Why can't you use cat to read a file line by line where each line has delimiters

53,404

Solution 1

The problem is not in cat, nor in the for loop per se; it is in the use of back quotes. When you write either:

for i in `cat file`

or (better):

for i in $(cat file)

or (in bash):

for i in $(<file)

the shell executes the command and captures the output as a string, separating the words at the characters in $IFS. If you want lines input to $i, you either have to fiddle with IFS or use the while loop. The while loop is better if there's any danger that the files processed will be large; it doesn't have to read the whole file into memory all at once, unlike the versions using $(...).

IFS='
'
for i in $(<file)
do echo "$i"
done

The quotes around the "$i" are generally a good idea. In this context, with the modified $IFS, it actually isn't critical, but good habits are good habits even so. It matters in the following script:

old="$IFS"
IFS='
'
for i in $(<file)
do
   (
   IFS="$old"
   echo "$i"
   )
done

when the data file contains multiple spaces between words:

$ cat file
abc                  123,         comma
the   quick   brown   fox
jumped   over   the   lazy   dog
comma,   comma
$ 

Output:

$ sh bq.sh
abc                  123,         comma
the   quick   brown   fox
jumped   over   the   lazy   dog
comma,   comma
$

Without the double quotes:

$ cat bq.sh
old="$IFS"
IFS='
'
for i in $(<file)
do
   (
   IFS="$old"
   echo $i
   )
done
$ sh bq.sh
abc 123, comma
the quick brown fox
jumped over the lazy dog
comma, comma
$

Solution 2

You can use IFS variable to specific you want a newline as the field separator:

IFS=$'\n'
for i in `cat file`
do
   echo $i
done

Solution 3

cat filename | while read i
do
    echo $i
done

Solution 4

the for loop coupled with a change of the internal field separator(IFS) will read file as intended

for an input

abc 123, comma
the quick brown fox
jumped over the lazy dog
comma, comma

For loop coupled with an IFS change

old_IFS=$IFS
IFS=$'\n'
for i in `cat file`
do
        echo $i
done
IFS=$old_IFS

results in

abc 123, comma
the quick brown fox
jumped over the lazy dog
comma, comma

Solution 5

IFS - Internal field separator can be set to get what you want.

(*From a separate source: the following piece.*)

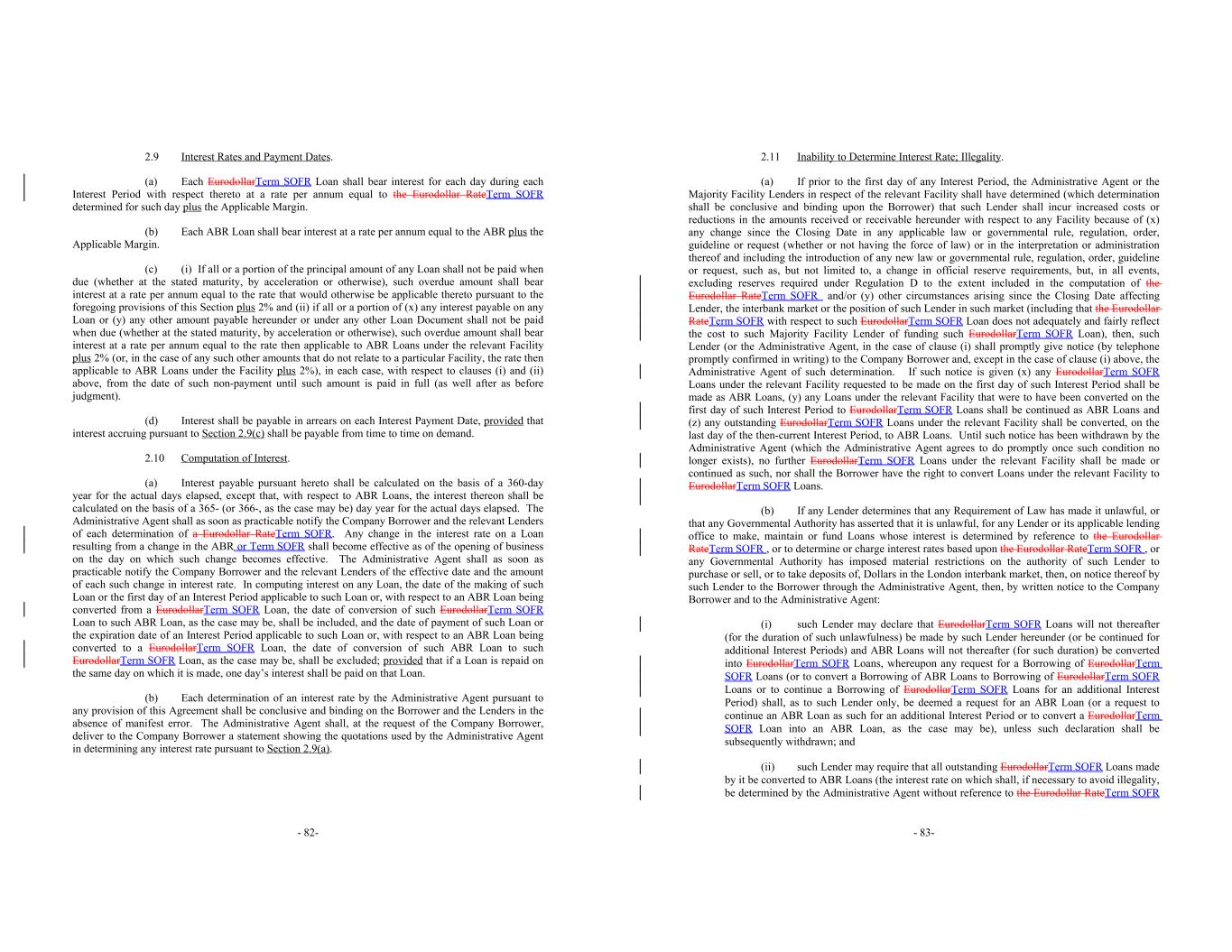 Interest Rates and Payment Dates.2.9 Each EurodollarTerm SOFR Loan shall bear interest for each day during each(a) Interest Period with respect thereto at a rate per annum equal to the Eurodollar RateTerm SOFR determined for such day plus the Applicable Margin. Each ABR Loan shall bear interest at a rate per annum equal to the ABR plus the(b) Applicable Margin. (i) If all or a portion of the principal amount of any Loan shall not be paid when(c) due (whether at the stated maturity, by acceleration or otherwise), such overdue amount shall bear interest at a rate per annum equal to the rate that would otherwise be applicable thereto pursuant to the foregoing provisions of this Section plus 2% and (ii) if all or a portion of (x) any interest payable on any Loan or (y) any other amount payable hereunder or under any other Loan Document shall not be paid when due (whether at the stated maturity, by acceleration or otherwise), such overdue amount shall bear interest at a rate per annum equal to the rate then applicable to ABR Loans under the relevant Facility plus 2% (or, in the case of any such other amounts that do not relate to a particular Facility, the rate then applicable to ABR Loans under the Facility plus 2%), in each case, with respect to clauses (i) and (ii) above, from the date of such non-payment until such amount is paid in full (as well after as before judgment). Interest shall be payable in arrears on each Interest Payment Date, provided that(d) interest accruing pursuant to Section 2.9(c) shall be payable from time to time on demand. Computation of Interest.2.10 Interest payable pursuant hereto shall be calculated on the basis of a 360-day(a) year for the actual days elapsed, except that, with respect to ABR Loans, the interest thereon shall be calculated on the basis of a 365- (or 366-, as the case may be) day year for the actual days elapsed. The Administrative Agent shall as soon as practicable notify the Company Borrower and the relevant Lenders of each determination of a Eurodollar RateTerm SOFR. Any change in the interest rate on a Loan resulting from a change in the ABR or Term SOFR shall become effective as of the opening of business on the day on which such change becomes effective. The Administrative Agent shall as soon as practicable notify the Company Borrower and the relevant Lenders of the effective date and the amount of each such change in interest rate. In computing interest on any Loan, the date of the making of such Loan or the first day of an Interest Period applicable to such Loan or, with respect to an ABR Loan being converted from a EurodollarTerm SOFR Loan, the date of conversion of such EurodollarTerm SOFR Loan to such ABR Loan, as the case may be, shall be included, and the date of payment of such Loan or the expiration date of an Interest Period applicable to such Loan or, with respect to an ABR Loan being converted to a EurodollarTerm SOFR Loan, the date of conversion of such ABR Loan to such EurodollarTerm SOFR Loan, as the case may be, shall be excluded; provided that if a Loan is repaid on the same day on which it is made, one day’s interest shall be paid on that Loan. Each determination of an interest rate by the Administrative Agent pursuant to(b) any provision of this Agreement shall be conclusive and binding on the Borrower and the Lenders in the absence of manifest error. The Administrative Agent shall, at the request of the Company Borrower, deliver to the Company Borrower a statement showing the quotations used by the Administrative Agent in determining any interest rate pursuant to Section 2.9(a). - 82- Inability to Determine Interest Rate; Illegality.2.11 If prior to the first day of any Interest Period, the Administrative Agent or the(a) Majority Facility Lenders in respect of the relevant Facility shall have determined (which determination shall be conclusive and binding upon the Borrower) that such Lender shall incur increased costs or reductions in the amounts received or receivable hereunder with respect to any Facility because of (x) any change since the Closing Date in any applicable law or governmental rule, regulation, order, guideline or request (whether or not having the force of law) or in the interpretation or administration thereof and including the introduction of any new law or governmental rule, regulation, order, guideline or request, such as, but not limited to, a change in official reserve requirements, but, in all events, excluding reserves required under Regulation D to the extent included in the computation of the Eurodollar RateTerm SOFR and/or (y) other circumstances arising since the Closing Date affecting Lender, the interbank market or the position of such Lender in such market (including that the Eurodollar RateTerm SOFR with respect to such EurodollarTerm SOFR Loan does not adequately and fairly reflect the cost to such Majority Facility Lender of funding such EurodollarTerm SOFR Loan), then, such Lender (or the Administrative Agent, in the case of clause (i) shall promptly give notice (by telephone promptly confirmed in writing) to the Company Borrower and, except in the case of clause (i) above, the Administrative Agent of such determination. If such notice is given (x) any EurodollarTerm SOFR Loans under the relevant Facility requested to be made on the first day of such Interest Period shall be made as ABR Loans, (y) any Loans under the relevant Facility that were to have been converted on the first day of such Interest Period to EurodollarTerm SOFR Loans shall be continued as ABR Loans and (z) any outstanding EurodollarTerm SOFR Loans under the relevant Facility shall be converted, on the last day of the then-current Interest Period, to ABR Loans. Until such notice has been withdrawn by the Administrative Agent (which the Administrative Agent agrees to do promptly once such condition no longer exists), no further EurodollarTerm SOFR Loans under the relevant Facility shall be made or continued as such,
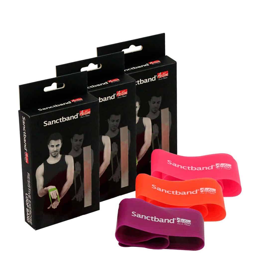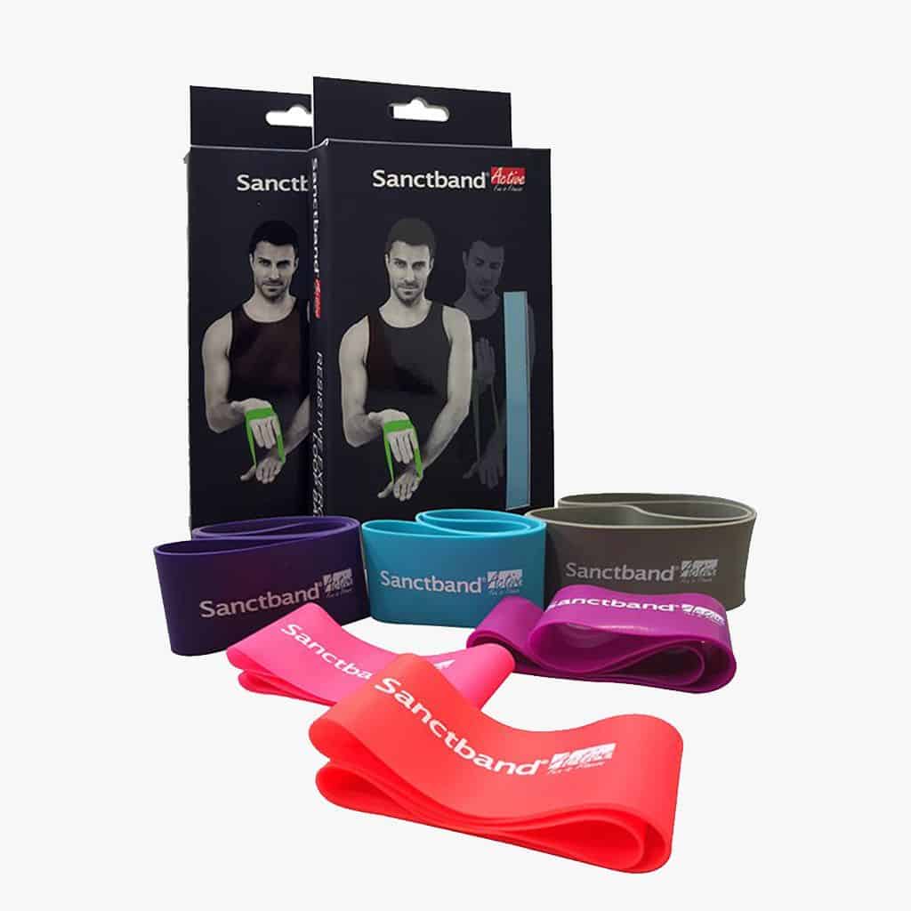 Sanctband Loop Band disponible en material de látex de caucho natural. Es una Banda de bucle continua que tiene un ancho de 5 centímetros y una longitud total de 33 centímetros. Sanctband Loop Band está disponible en cuatro tipos de resistencia.

To read a whole line at once, use: IFS=""

Share:
53,404

Related videos on Youtube

Classified
Author by

Classified

Updated on April 02, 2021

Comments

  • Classified
    Classified about 3 years

    I have a text file that contains something like this:

    abc 123, comma
    the quick brown fox
    jumped over the lazy dog
    comma, comma
    

    I wrote a script

    for i in `cat file`
    do
       echo $i
    done
    

    For some reason, the output of the script doesn't output the file line by line but breaks it off at the commas, as well as the newline. Why is cat or "for blah in cat xyz" doing this and how can I make it NOT do this? I know I can use a

    while read line
    do
       blah balh blah
    done < file
    

    but I want to know why cat or the "for blah in" is doing this to further my understanding of unix commands. Cat's man page didn't help me and looking at for or looping in the bash manual didn't yield any answers (http://www.gnu.org/software/bash/manual/bashref.html). Thanks in advance for your help.

  • chepner
    chepner almost 11 years
    Simply use IFS= read -r line to preserve all whitespace in the line.
  • Jonathan Leffler
    Jonathan Leffler almost 11 years
    The only reason the spacing is 'lost' with the while loop is because you used echo $line rather than echo "$line". If spacing is important, enclose the variable reference in double quotes.
  • Charles Duffy
    Charles Duffy almost 11 years
    As chepner says, this should be read -r to avoid unintended side effects (evaluating backslash escape sequences).
  • Charles Duffy
    Charles Duffy almost 11 years
    Unsafe -- you've prevented string-splitting, but you haven't prevented glob expansion. If a line contains *, that will be expanded to a list of names in the current directory during the echo.
  • Classified
    Classified almost 11 years
    thx for your help and reply. I'm a little confused here with bash/*nix. I didn't change IFS. It's set as a newline by default. I checked it with echo "IFS = $IFS word test" and the string "word test" got printed to the following line so we know it's \n by default. In any case, using the default IFS, it breaks my line at the comma even though IFS=\n. When I do as you suggested above, by setting the IFS explicitly to \n, then it prints my whole line without breaking over the comma. Any idea why it works when it's explicitly set as \n and not work when by default IFS is already \n? Thanks again.
  • Jonathan Leffler
    Jonathan Leffler almost 11 years
    The default value of IFS is (using a piece of bash-speak) $' \t\n'; that is, it consists of blank, tab, newline. This probably alters your analysis. When you say 'breaks at the comma', you mean it breaks at the space after the comma, I believe, which is consistent with IFS containing blank (and tab and newline).